▸ Supplied data:
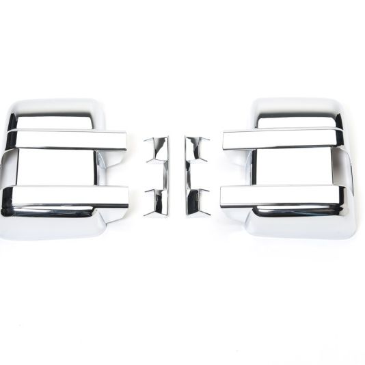 Give your mirrors an extra shine with Putco Chrome Mirror Covers. Our mirror covers are constructed out of the OEM automotive grade ABS chrome. ABS chrome covers have been tested to withstand all the elements and everything the road can throw at it. Each cover is custom made to fit your type of mirror for your year, make, and model. Putco's chrome mirror covers also match any other OEM chrome you have on your vehicle. Installation is made simple and easy with our pre-applied automotive-grade 3M tape. No drilling necessary, just peel and stick.
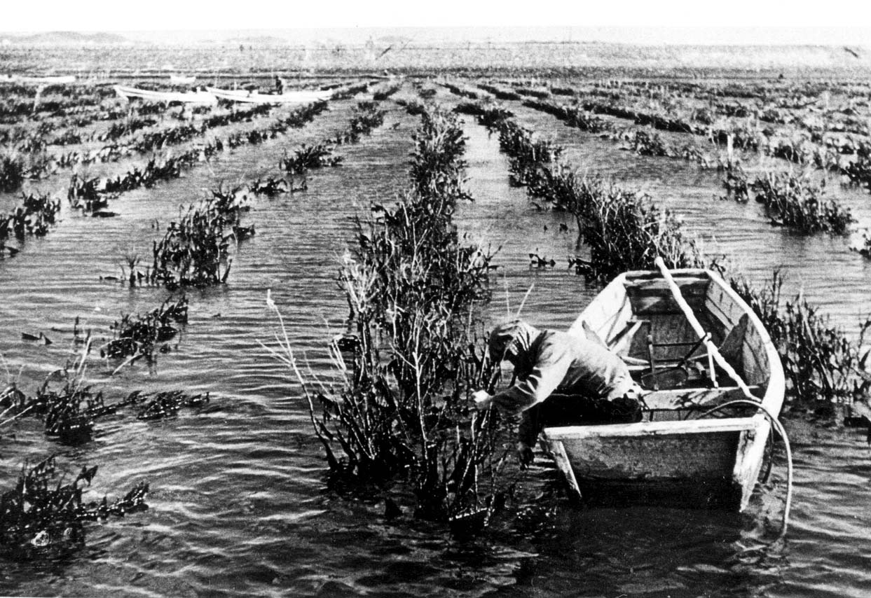 海苔は早ければ年の暮から採り始め、3月頃迄採取します船の上から、又は海の中を歩いて、粗朶に付いている海苔を摘み採ります写真1は昭和25年頃の三河湾六条潟の海苔摘み作業の風景ですこの作業の為、胸まで一体となったゴム長靴を着用し、場合によっては、高さ30cmから1m以上の鉄製のゲタを履いて、海の深い所まで入ります
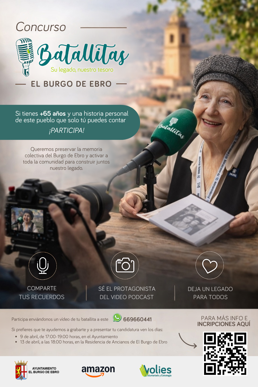 Batallitas es una iniciativa de Volies, impulsada por Amazon, que lleva el formato del video podcast a los pueblos de España para poner en el centro a las personas mayores que mejor representan el alma de cada municipio. Con esta iniciativa, Amazon quiere contribuir a crear un legado cultural permanente en El Burgo de Ebro, donde opera uno de sus centros de datos. De la mano de Volies y en colaboración con el Ayuntamiento del municipio, el proyecto invita a los vecinos y vecinas a participar en un concurso que fomenta el encuentro entre generaciones jóvenes y mayores.
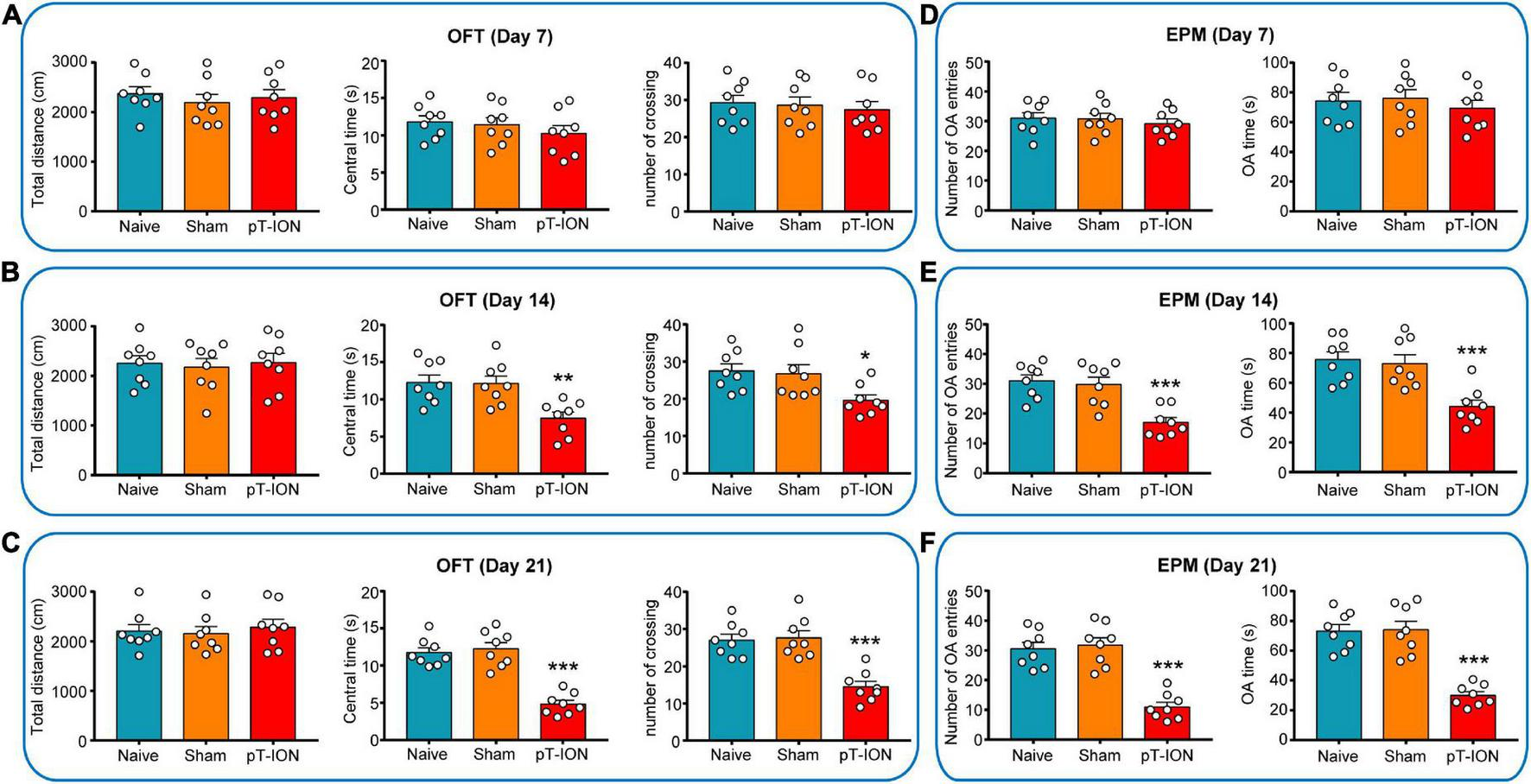 Open-field test (OFT) and elevated plus-maze (EPM) test results of mouse at various time points. In the OFT, the total distance, central time, and number of crossing were measured on days 7 (A), 14 (B), and 21 (C) after pT-ION surgery. In the EPM test, the number of entries in the open arms (number of OA entries), time spent in the open arms (OA time) were measured on days 7 (D), 14 (E), and 21 (F) after pT-ION surgery. N = 8 mice/group, *P < 0.05, **P < 0.01, and ***P < 0.001 vs. naive group, one-way ANOVA and Dunnett’s test.

▸ Exercise objective:
The line with "海苔は早ければ年の暮から採り" marks the end: restate word for word every line from the top of the data through that one, omitting pictures.

▸ Solution to this task:
 Give your mirrors an extra shine with Putco Chrome Mirror Covers. Our mirror covers are constructed out of the OEM automotive grade ABS chrome. ABS chrome covers have been tested to withstand all the elements and everything the road can throw at it. Each cover is custom made to fit your type of mirror for your year, make, and model. Putco's chrome mirror covers also match any other OEM chrome you have on your vehicle. Installation is made simple and easy with our pre-applied automotive-grade 3M tape. No drilling necessary, just peel and stick.
 海苔は早ければ年の暮から採り始め、3月頃迄採取します船の上から、又は海の中を歩いて、粗朶に付いている海苔を摘み採ります写真1は昭和25年頃の三河湾六条潟の海苔摘み作業の風景ですこの作業の為、胸まで一体となったゴム長靴を着用し、場合によっては、高さ30cmから1m以上の鉄製のゲタを履いて、海の深い所まで入ります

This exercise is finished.